One last thing to do. Remember the one-hot encoding we created in the beginning of this notebook? Now we have to combine those 0s and 1s into one single array in a column.

In [None]:
# creates 'target_vector' column to combine the one-hot encoding
data['target_vector'] = data.apply(lambda target: [target[diseases].values], 1).map(lambda target: target[0])

In [None]:
data.head() # check the 'target_vector' column

Great! Now we are ready to build the model

The data we are going to use is split into train/validation/test with split of 80/10/10 respectively.

In [None]:
# split the data into training, validation, and testing set
from sklearn.model_selection import train_test_split
# 80/10/10 split
train_set, val_set = train_test_split(data, test_size=0.1, random_state=1993)
train_set, test_set = train_test_split(train_set, test_size=0.1, random_state=1993)

print('Training: ', len(train_set))
print('Validation: ', len(val_set))
print('Testing: ', len(test_set))
print('Total data: ', len(data))
print(len(train_set)+len(test_set)+len(val_set) == len(data)) # double check

Keras has a convenient method to do data augmentation which is ImageDataGenerator. Data augmentation is one of the alternatives to make training data more variant by applying some image processing such as: zoom, rotation, shift, shear, flip, etc.<br><br>

Notice that ** we only normalize and do not apply any data augmentation in the test set**. This is due to the nature of medical imaging. When we are in a hospital, having our chest scanned, we do not receive a zoomed, rotated, shifted, or flipped image of our chest x-ray

In [None]:
# creates image data generator for both training and testing images
from keras.preprocessing.image import ImageDataGenerator
train_data_gen = ImageDataGenerator(
        rescale=1./255,
        shear_range=0.2,
        zoom_range=0.2,
        rotation_range=20,
        width_shift_range=0.2,
        height_shift_range=0.2,
        horizontal_flip=True)

test_data_gen = ImageDataGenerator(rescale=1./255) # we don't want to apply zoom, rotation, shear, etc. in the test set

flow_from_dataframe function below will help us to acquire image in the directory by referring to our dataframe that has been created earlier

In [None]:
# Credits to Kevin Mader who created this function
# https://www.kaggle.com/kmader/train-simple-xray-cnn

# flow_from_dataframe is a function that takes a full path of an image from the dataframe we created earlier,
# instead from the directory
def flow_from_dataframe(img_data_gen, in_df, path_col, y_col, **dflow_args):
    base_dir = os.path.dirname(in_df[path_col].values[0])
    print('## Ignore next message from keras, values are replaced anyways')
    df_gen = img_data_gen.flow_from_directory(base_dir, 
                                     class_mode = 'sparse',
                                    **dflow_args)
    df_gen.filenames = in_df[path_col].values
    df_gen.classes = np.stack(in_df[y_col].values)
    df_gen.samples = in_df.shape[0]
    df_gen.n = in_df.shape[0]
    df_gen._set_index_array()
    df_gen.directory = '' # since we already have full_path column, we can set this to None or ''
    print('Reinserting dataframe: {} images'.format(in_df.shape[0]))
    return df_gen

Now we can apply the data augmentation to training, validation, and testing data.<br>
* Here we set color_mode to RGB because we are going to use pre-trained models.

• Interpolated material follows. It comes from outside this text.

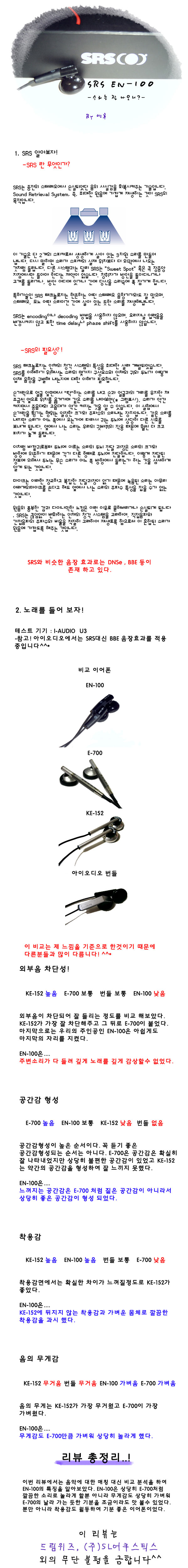 SRS 음향 전문회사여서 이어폰도 상당히 좋게 나올거라 예상했는데 ...

These pre-trained models only accept input with 3 color channels. 
* We can try different input size by changing image_size, most pre-trained models accept input image with 224x224 pixels
* We set 1024 batch on test set to make predictions faster by taking a big batch of data while training and validation can be set to 32, 64, 128 or higher. When memory error occurs, lower the batch_size

In [None]:
IMG_SIZE = (224, 224) # image re-sizing
TRAIN_BATCH_SIZE = 32
VAL_BATCH_SIZE = 256
TEST_BATCH_SIZE = 1024

# train dataset
train_gen = flow_from_dataframe(train_data_gen, train_set, path_col = 'full_path', y_col = 'target_vector',
                                target_size = IMG_SIZE, color_mode = 'rgb', batch_size = TRAIN_BATCH_SIZE)
# validation dataset
valid_X, valid_Y = next(flow_from_dataframe(train_data_gen, val_set, path_col = 'full_path',
                                            y_col = 'target_vector', target_size = IMG_SIZE, 
                                            color_mode = 'rgb', batch_size = VAL_BATCH_SIZE))
# test dataset
test_X, test_Y = next(flow_from_dataframe(test_data_gen, test_set, path_col = 'full_path', y_col = 'target_vector', 
                                          target_size = IMG_SIZE, color_mode = 'rgb', batch_size = TEST_BATCH_SIZE))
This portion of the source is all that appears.